DOJ Anti-trust Investigation of MPEG-LA
thomst writes "The Wall Street Journal's Thomas Catan reports that the Department of Justice has launched an anti-trust investigation of MPEG-LA's purported efforts to prevent Google's VP8 codec from widespread adoption. According to the article, the California Stare Attorney General's office is also investigating MPEG-LA for possible restraint of trade practices."
Now can someone in government put two and two together and see the absurd situation software patents has caused? VP8 is supposed to be patent-free but everyone on the H264 side is calling it patent-encumbered anyway. The mere existence of patent trolls should be reason enough to get rid of the idea. You should be able to patent implementations, not ideas.
The point of software patents was to protect innovation. This should be a clear example that it is not, as VP8's adoption is supposedly slow because of the risk of violating other patents whose owners won't come out of the woodwork until VP8 has enough market share to make a lawsuit nicely profitable. The whole thing is patently ridiculous.
The sheer amount of patent lawsuits and now that even Google and Apple are teaming up against a troll is very telling. Software patents are not serving their intended purpose and it is obvious because no one wants to adopt VP8 because of the unknown threat. This is the stifling of innovation and is not protecting the patents of the 10 companies that may own patents to VP8 because no one wants to use them so they just become dead weight. What good is an idea if it can't be used?
Software is a fickle thing. Your idea may have also been invented by someone and you just didn't patent it. This is the problem with software patents. The patents themselves can be very vague and cover a whole host of ideas. If the patent office has to pass more patents just to get rid of a backlog, perhaps it isn't the fault of the filers but the fault of the law.
The MPEG LA is *NOT* affiliated with the MPEG committee. They are a separate *COMPANY* that puts together patent pools for MPEG standards -- basically they are a bunch of parasite lawyers living off software patents, at least in my opinion.

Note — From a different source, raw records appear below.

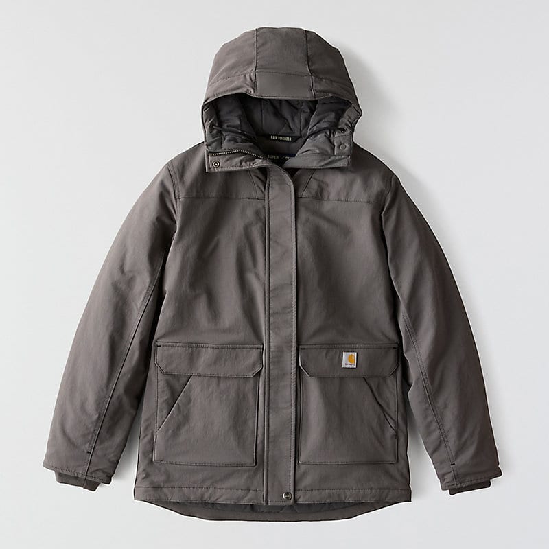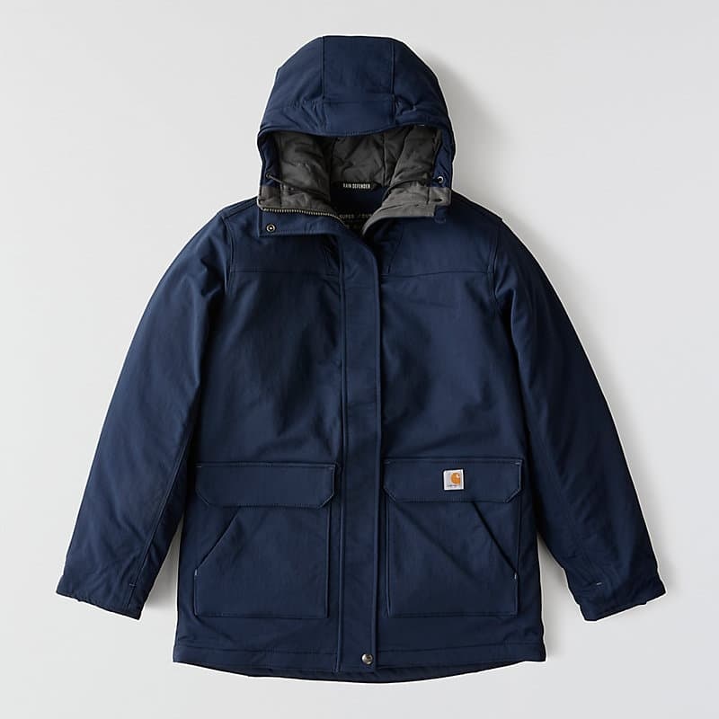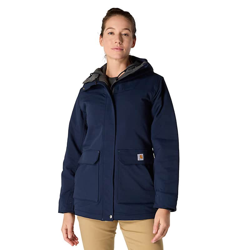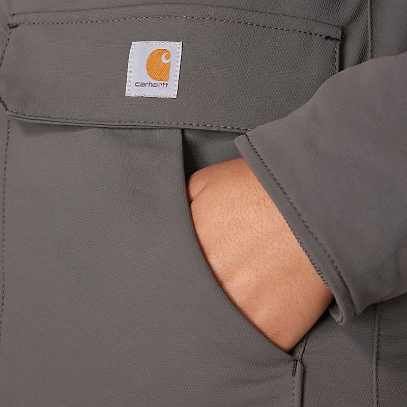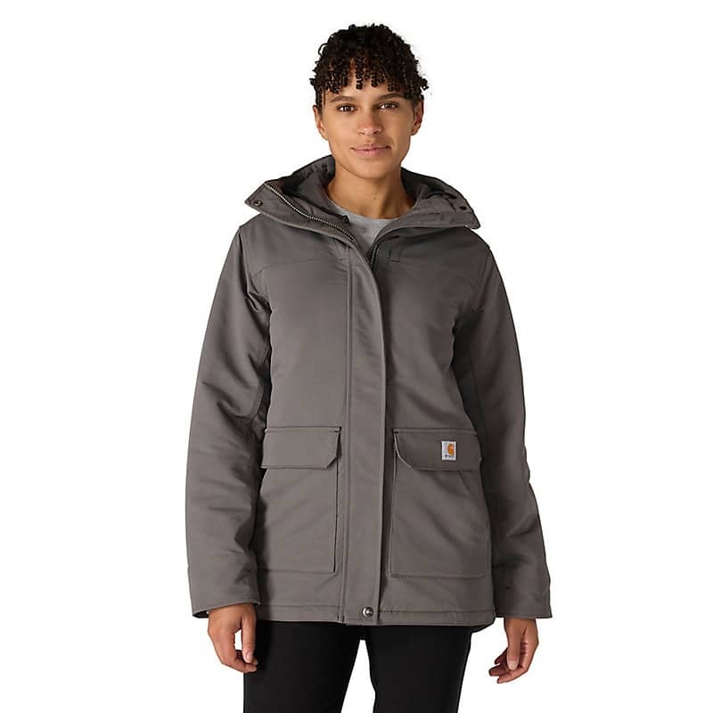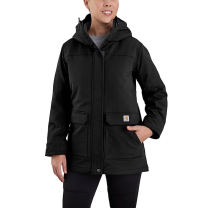 Carhartt has been working hard since 1889 to insure you have the best gear out there to get the job done. This women's jacket is made of durable nylon with built in stretch for easy movement. The water-resistant build protects against light rain and wind, while 100-gram insulation provides warmth without adding bulk.
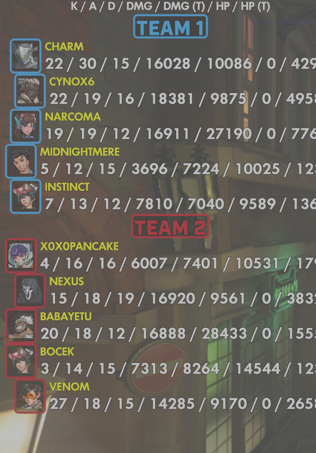 10 entries| Team | Player | Kills | Assists | Deaths | Damage | Damage (Taken) | Healing | Healing (Taken) |
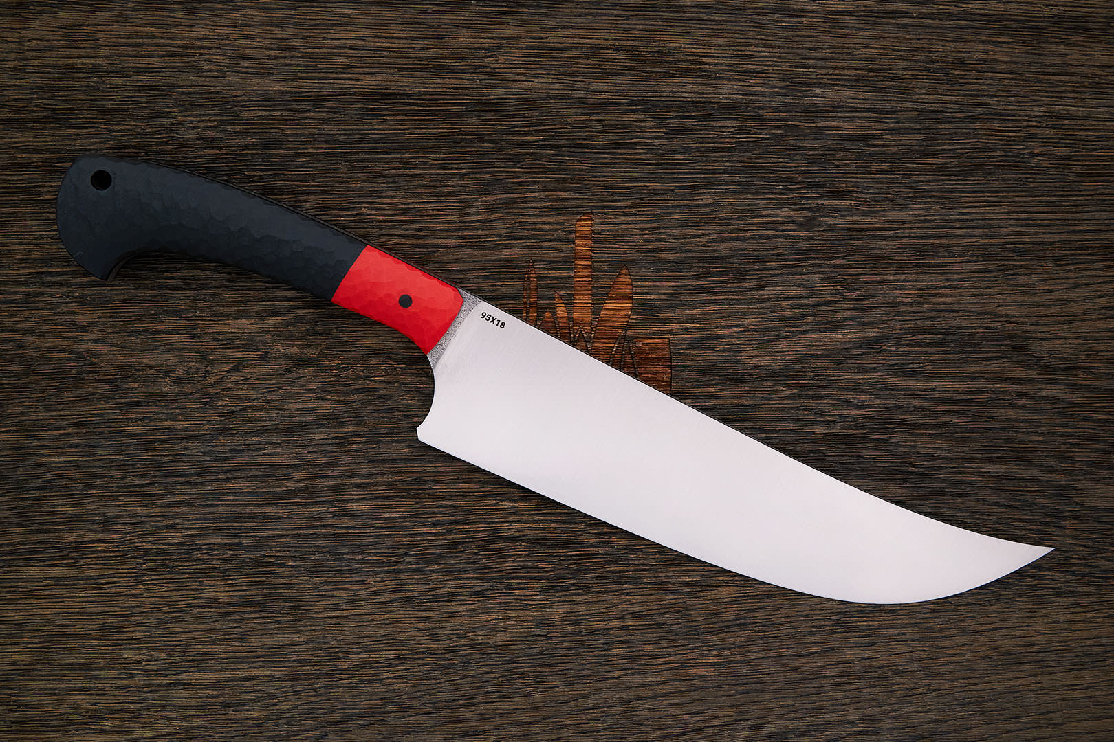 95Х18 – сложнолегированная мартенситная сталь отечественного производства, устойчивая к коррозии в атмосфере и умеренных агрессивных средах. Широко применяется в ножевом производстве, но достаточно сложна в обработке и требовательна к условиям ТО. При правильной термообработке сталь 95Х18 приобретает отличные режущие свойства и достигает твердости до 60-62 HRC. Обладает хорошей износостойкостью и прочностью. Сталь проста в обслуживании и не требует дополнительного ухода, хорошо полируется.
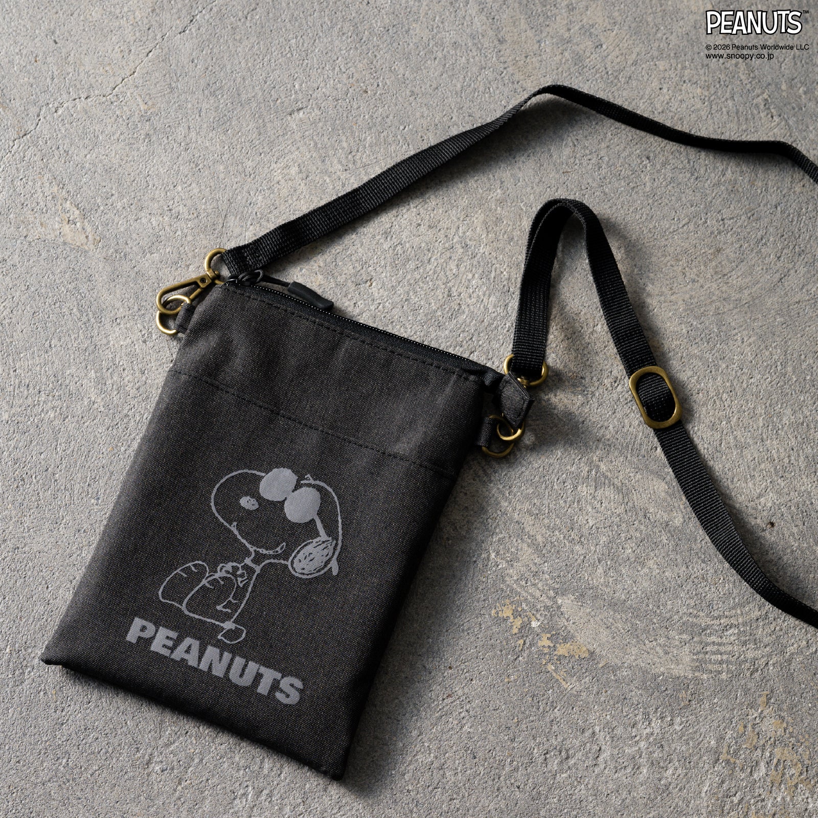 ジョー・クールのイラストがプリントされたシンプルなデザインと落ち着いた色合いが、様々なスタイルに合わせやすい縦型タイプのショルダーポーチ。内ポケット、フロントポケット付きで荷物を整理しやすいのもポイントです。

This seems like a reasonable statement, at first, but then I wondered what makes video codecs so special. I mean, why single them out, when almost anything has at least the possibility of infringing on a patent? I think that's pretty much the point of having a patent pool, these days. If someone claims that you're infringing on their patents, you can search through your collection of thousands of patents, in order to find something that they are infringing upon.
Now, I'm not necessarily an anarchist wanting to abolish intellectual property, but I do believe that patents have become an embarrassing travesty, thanks to the past fifteen or twenty years' worth of crappy patents (which are just now beginning to fall out of protection). When you can't even write an open video codec without industry insiders calling into question your very algorithms, there's something wrong, be it with the insiders (spreading FUD in order to kill the competition) or the laws (which have made competition impossible).
Anyways, I'm sure a hundred other people will say the same thing, since this is Slashdot, and we looove to complain about intellectual property laws, so I'll add a little something extra: what I've thought about as a replacement for our current system. How's this sound?
No they are trolls, because every year they say how thankful we should be they decided not to charge us this year for the stuff they gave away for free last year.
Next year they will say the same thing. They have said it the last 2 years now that I know of. Oddly enough 2 years ago was when Google started dealing with VP8, and actually opening up those codecs.
Right now you have to pay to use H.264 every time you, encode, decode, stream, move, or look at the file. Only because MPEG-LA are such nice people they actually only charge you for encode, decode, and stream.
If you think your not paying, then you might want to take a closer look someone is paying it for you then raising the cost of doing business along the way.
i thought once I was found, but it was only a dream.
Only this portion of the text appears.